A heartwarming visit to the old ballpark


To state the obvious, it's been a miserable year for baseball. Probably the worst since the Black Sox Scandal.

Besides last season's disastrous strike and its bitter aftertaste, the usual drug problems and the whining by players, there were other embarrassments.

It was bad enough that wealthy stars from the present and past sold their autographs, but several recently pleaded guilty to not paying taxes on this easy pocket money.

Even Mickey Mantle's surgery had many people saying that a lifelong lush didn't deserve a new and sober liver.

But not everybody in baseball is a self-obsessed, immature stiff. It just seems that way. There are a few exceptions, and here's one of them.

"I left Chicago in 1980," said Richard Sturm, 48, "and moved to the Pacific Northwest to get away from the big city. I wanted to find that smaller town where people still cared about people."

Sturm, a business executive, found that friendliness in Eugene, Ore.

"But on July 4, I lost my father and I had to return to the Midwest. My brother and I had to go into Chicago to tie up some loose ends."

Sturm's father, Harry, who died at 80, was formerly second-chair cellist for the Chicago Symphony Orchestra and later first cellist with the Milwaukee Symphony.

"He loved music and he loved baseball. A very quiet, nice guy. Very athletic, too.
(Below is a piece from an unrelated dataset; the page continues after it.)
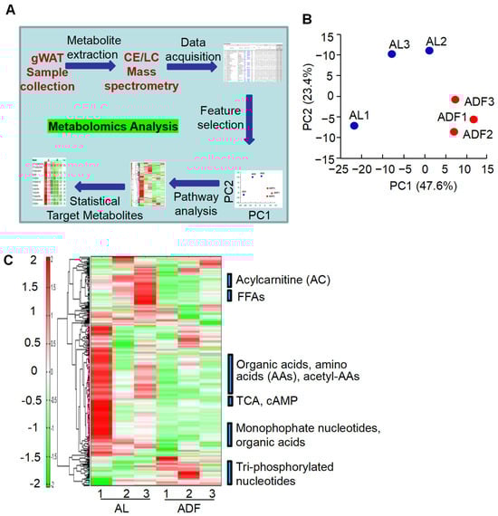 Prolonged alternate day fasting reprograms metabolism in visceral fat. (A). Workflow of adipose tissue metabolomic analysis. (B). Principal component analysis (PCA) of metabolomics and lipidomics results using the detected peaks, PC1, the first principal component; PC2, second principal component. The numbers in parentheses indicate contribution rates, while the plot labels correspond to sample names. (C). Heatmap of adipose tissue metabolites with hierarchical cluster analysis (HCA) in gWAT from ADF and AL groups.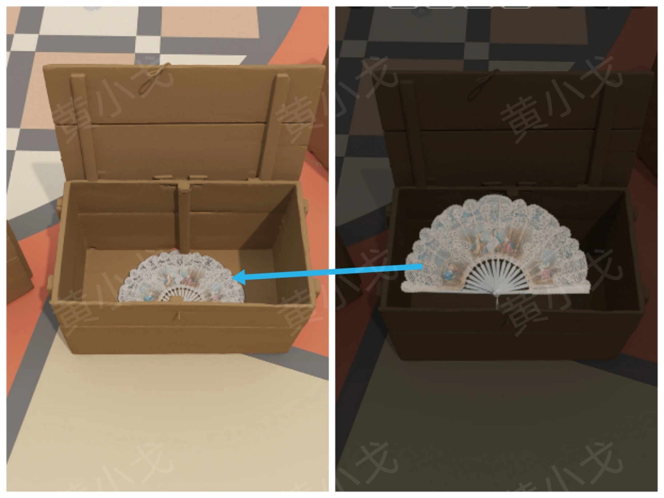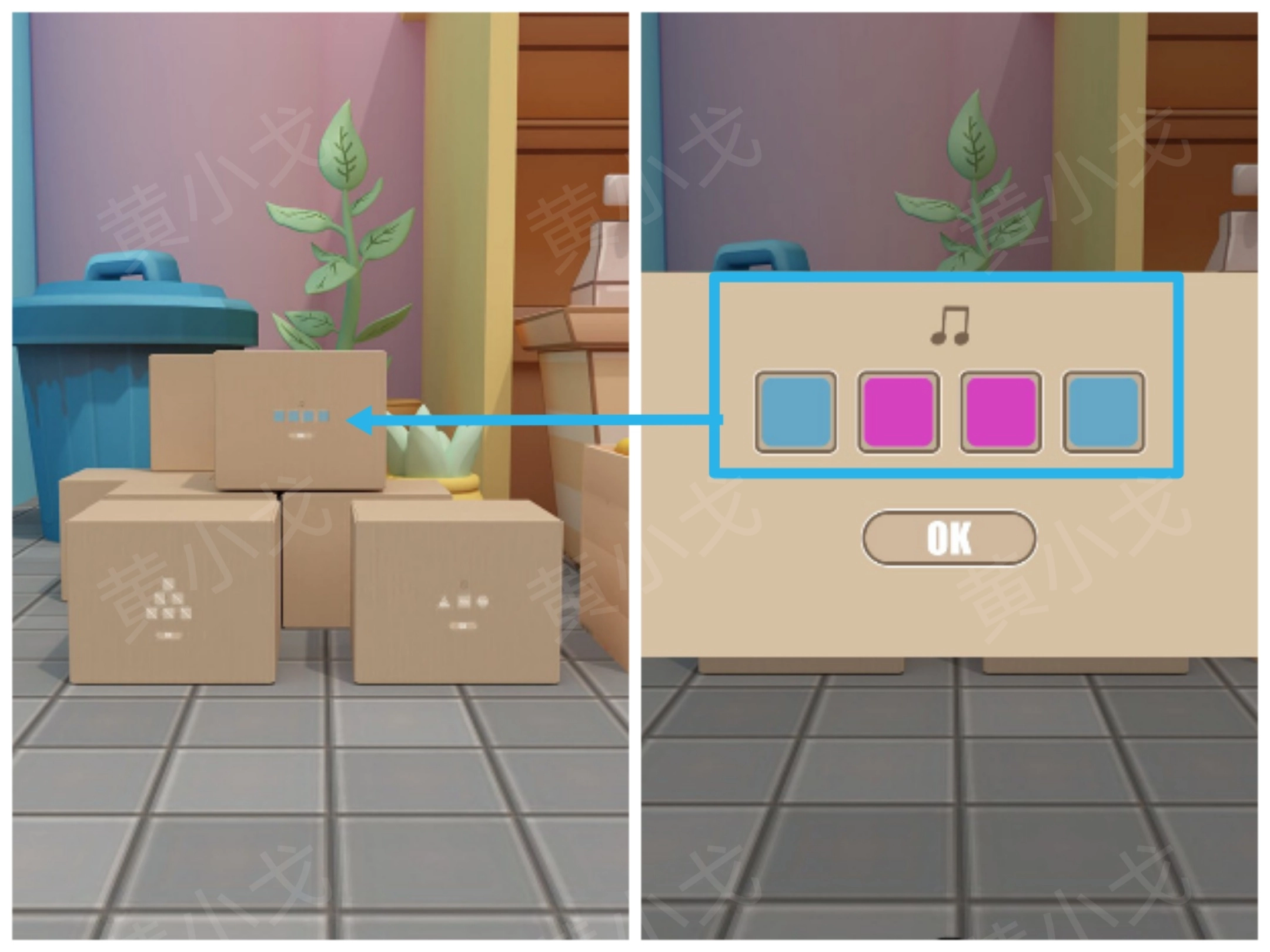 10. 轻触柜子左侧柜门上的密码锁,依据其上面呈现的图案与颜色提示,再联系书籍里的线索,对密码锁进行调整。

"When my brother and I got to Chicago, we were driving past Addison Street, and we looked at each other and said, 'We're not that far, are we?'

"So we doubled back and headed for one of Dad's favorite places. Ours, too.

"We parked across the street, got out of the car and stood for a moment and just stared. We were kids again, full of excitement. We were standing in front of Wrigley Field.
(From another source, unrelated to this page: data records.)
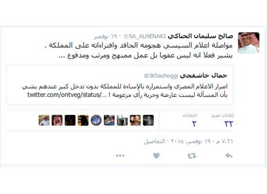 وبدوره عقب الكاتب السعودي صالح سليمان الحناكي على أقوال خاشقجي بتغريدة في السياق ذاته قائلاً: “مواصلة إعلام السيسي هجومه الحاقد وافتراءاته على المملكة، يشير فعلا إلى أنه ليس عفويا بل هو عمل ممنهج ومرتب ومدفوع”.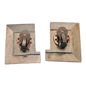 Vintage Seagull Pewter Modernist Geometric Earrings 1988 Signed Clip-On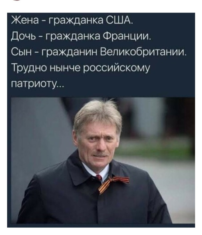 То есть, из того факта, что у Пескова дети за границей, Вы, Валерий, и 34 лайкнувших, делаете вывод, что Песков ненавидит Россию?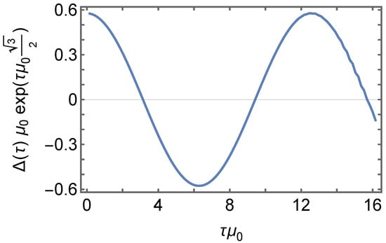 The mass function itself is a monotonically decreasing, concave-up function; yet, in this case, the Schwinger function has an inflection point at . Hence, it does not have a Källén–Lehmann representation; so, the associated excitation cannot appear in the Hilbert space of observables. Furthermore, evaluation of the configuration space Schwinger function defined by Equation (16) yields [81]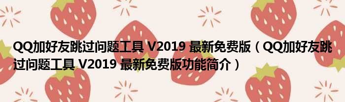 QQ加好友跳过问题工具 V2019 最新免费版(QQ加好友跳过问题工具 V2019 最新免费版功能简介)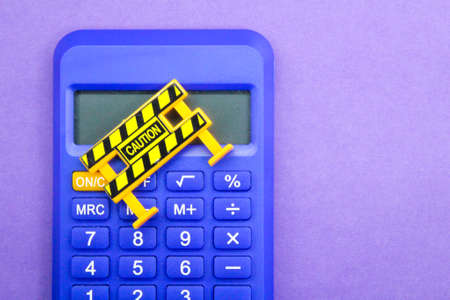 calculator and caution sign. careful computational concepts. calculator and caution sign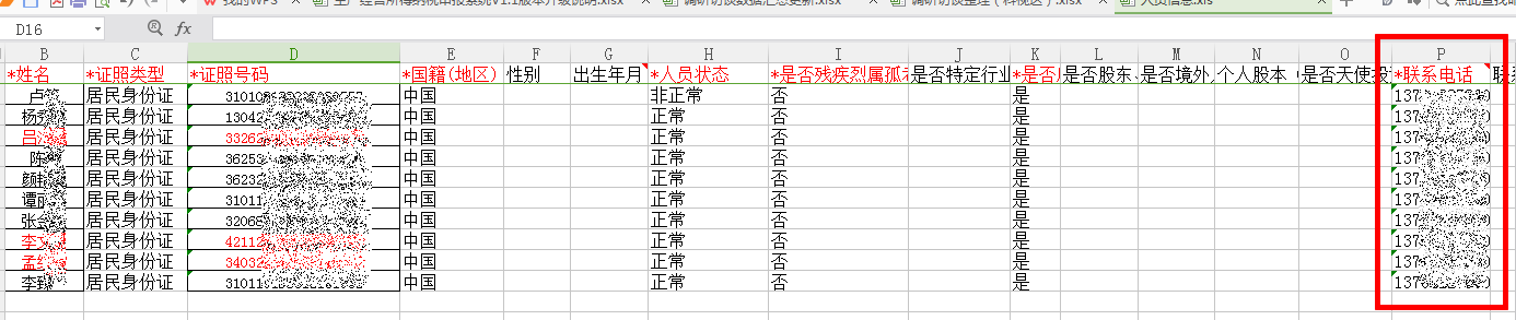 2、在导出的EXCEL人员信息表中对【联系电话】列进行补充或修改;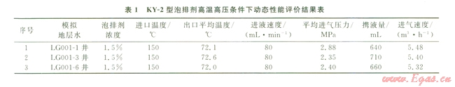 使用PP-1型高溫高壓泡沫評價裝置測定高溫高壓條件下KY-2泡排劑動態(tài)性能,其測試結(jié)果見表1。實驗數(shù)據(jù)表明在進(jìn)口溫度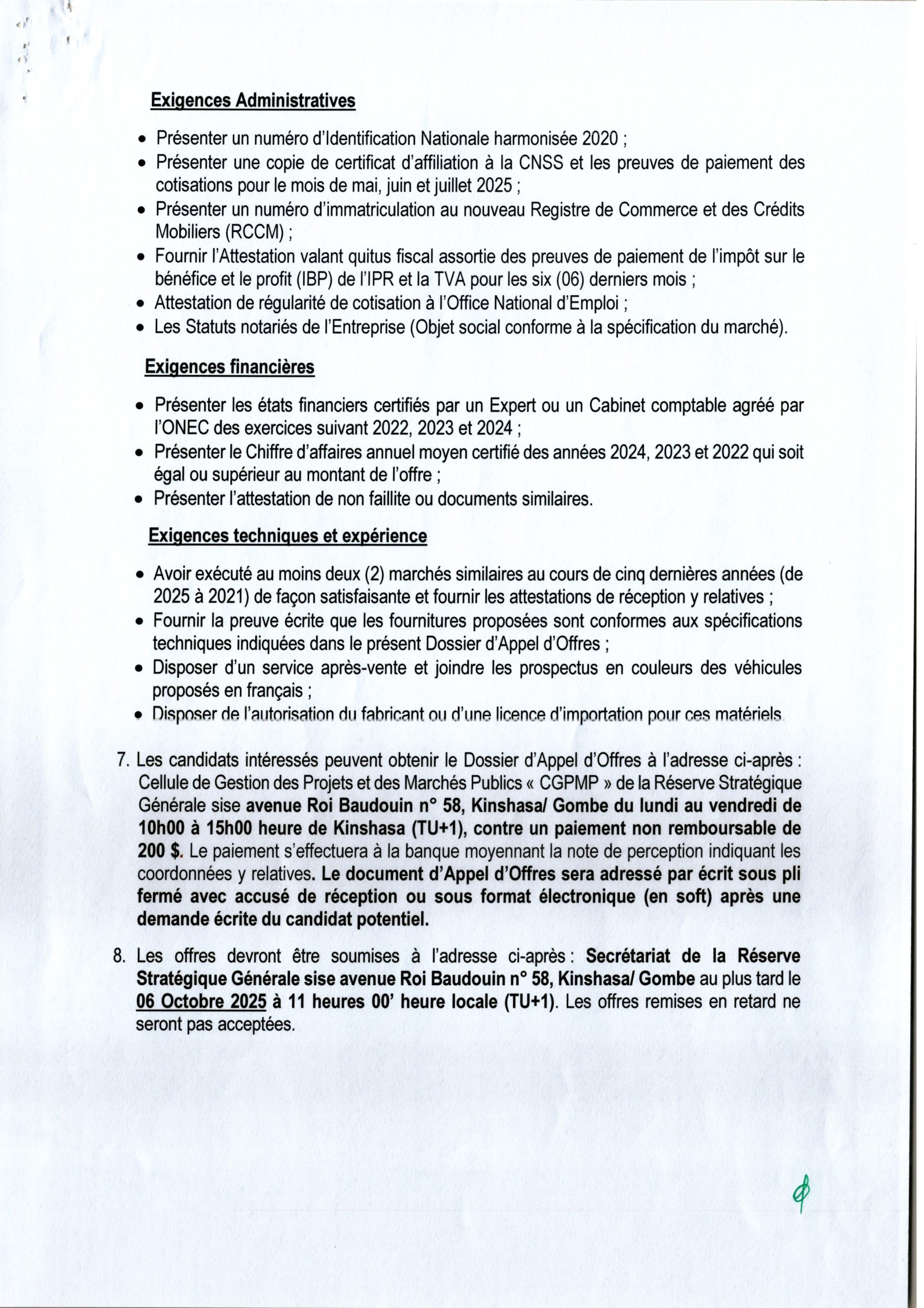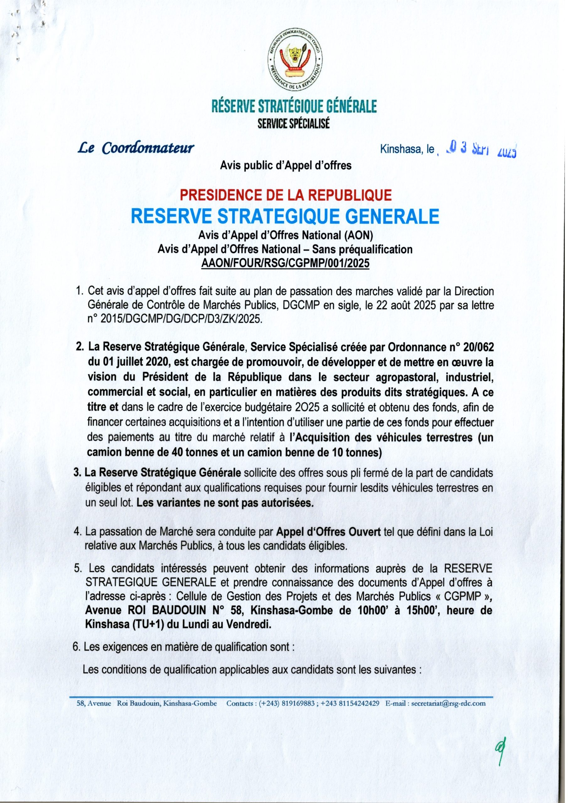 Acquisition de véhicules terrestres (camion benne de 40 tonnes et un camion benne de 10 tonnes).

"As my brother Fred put it, 'A place where it will always be spring.'

"My brother looked at me and said that if there was a game today, we're going. But at the ticket booth, we got the bad news, they're out of town for the week.
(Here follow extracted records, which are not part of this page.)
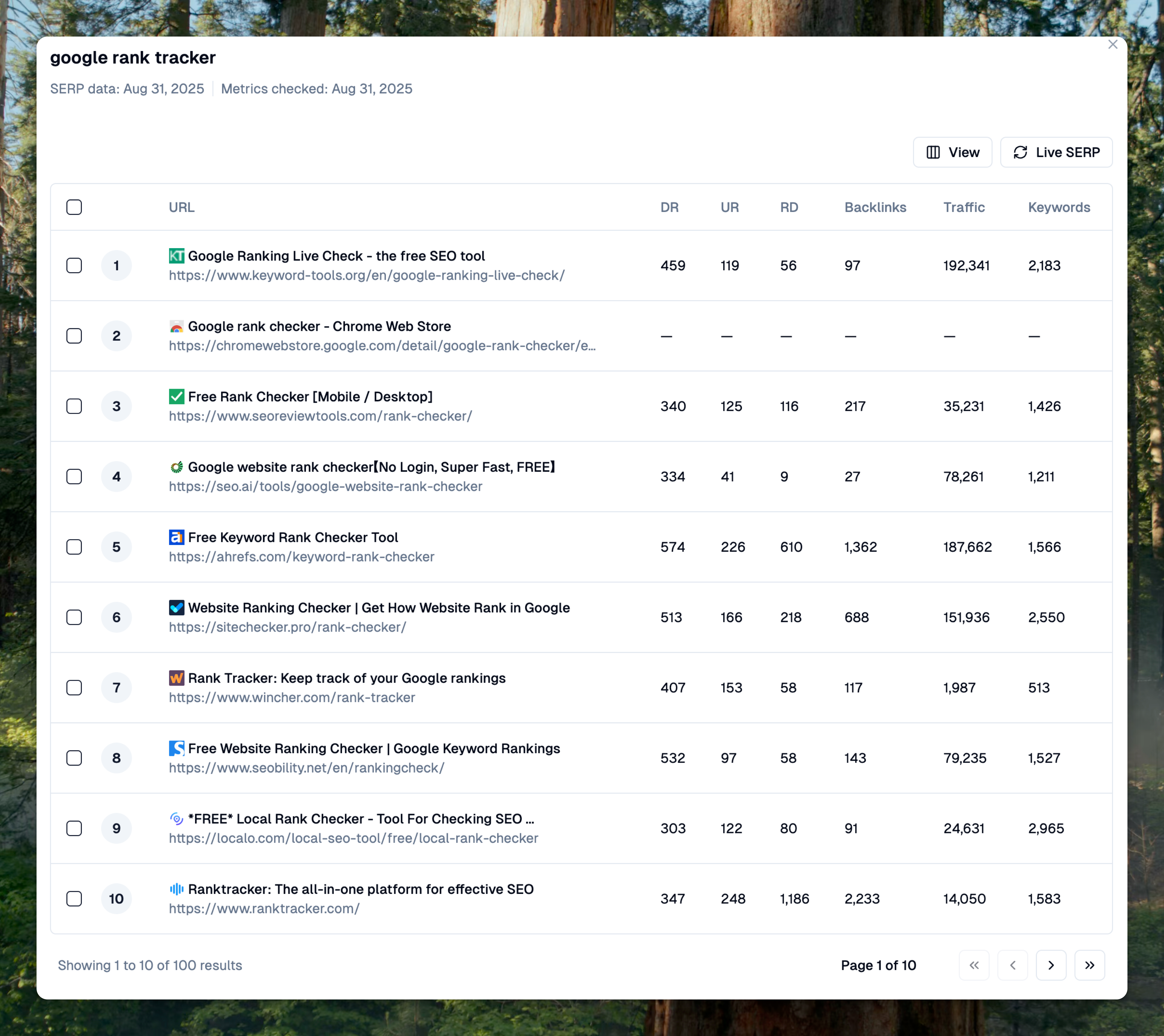 Click the "**Live SERP**" button next to any query to pull live SERP data. This shows the top-ranking pages for that keyword.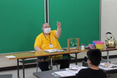 | 2023年5月20日(土) 「管理運営」業務 「おしゃぎり会館」主催の「初心者歴史体験講座」が開催されました(^o^)丿 当館から学芸員の野田さんが「講師」で出張しました(^J^) 「三の丸記念館」で参加者に「まが玉」作りを教えました(^<^) |  三の丸記念館 | |||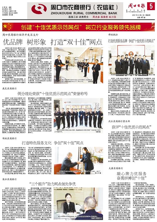 本报讯(记者 张艳丽 通讯员 张志华) “双十佳”文明规范服务网点创建工作开展以来,项城农商银行秉承“以客户为中心”的理念,优化网点环境,创新服务,网点形象焕然一新,服务水平不断提高,市场竞争力和社会认可度进一步提升。

"So, oh, well, we could take a walk around the park and reminisce.

"As we were walking, I pushed on a large iron gate and it opened. I said to my brother, 'Let's go.' It was trespassing and we knew it, but it didn't seem wrong.

"We walked up the stairs to the right-field side and the field came into view. It was an emotional moment for both of us.

"We sat on the concrete steps and stared at the field -- and all the stories Dad told us came rushing back. How, when he was a boy, he would show up at Wrigley to clean up the stands, put up seats and get into the game free. It was the only way he could afford to see a game.

"I noticed a groundskeeper out on the field. Thinking I had nothing to lose, I went over and told him why we were there and asked if we could walk on the outfield.

"He opened the gate to the field and all he said was, 'Sorry about your dad. Make yourself at home.'

"We couldn't believe it. We were actually walking on the outfield grass of Wrigley Field, touching the ivy. We were kids again.

"About 15 minutes later, Mike -- that was this groundskeeper's name -- walked toward us. I assumed we had overstayed our welcome.

"But as he approached, he said, 'These aren't new, but here's a couple of game balls. I thought you might want to take these with you.'

"We shook his hand, and when he walked away, he said it again: 'I'm really sorry about your dad.'

"It didn't end there. Mike's boss asked him who we were. When he found out why we were there, his boss suggested that we might like to sit in the dugout for a while.

"Gosh, you sit in the dugout and you see the field and the dimensions like you've never seen it before. My brother said: 'Look, the wind is blowing out. It's a home run day.' We were sitting there, where Ernie Banks used to sit. And we could look up at the right-field bleachers where my father caught a home run once.

"We stayed for more than an hour, walking the field, sitting in the dugout, playing catch in the outfield.

"When we left, I tried to give Mike a couple of $20 bills. He said: 'No way.' He and his boss wouldn't let us even buy them lunch.

"They just said that it was nice to have friendly people come to the park but that they were sorry it was under these circumstances.

"I was wrong back in 1980. You don't have to move to the country to find decent people. We'll probably never see Mike again, but I'll always consider him a friend."

Maybe the team should take away Mike's rake and make him a coach. There's a lot he could teach the players.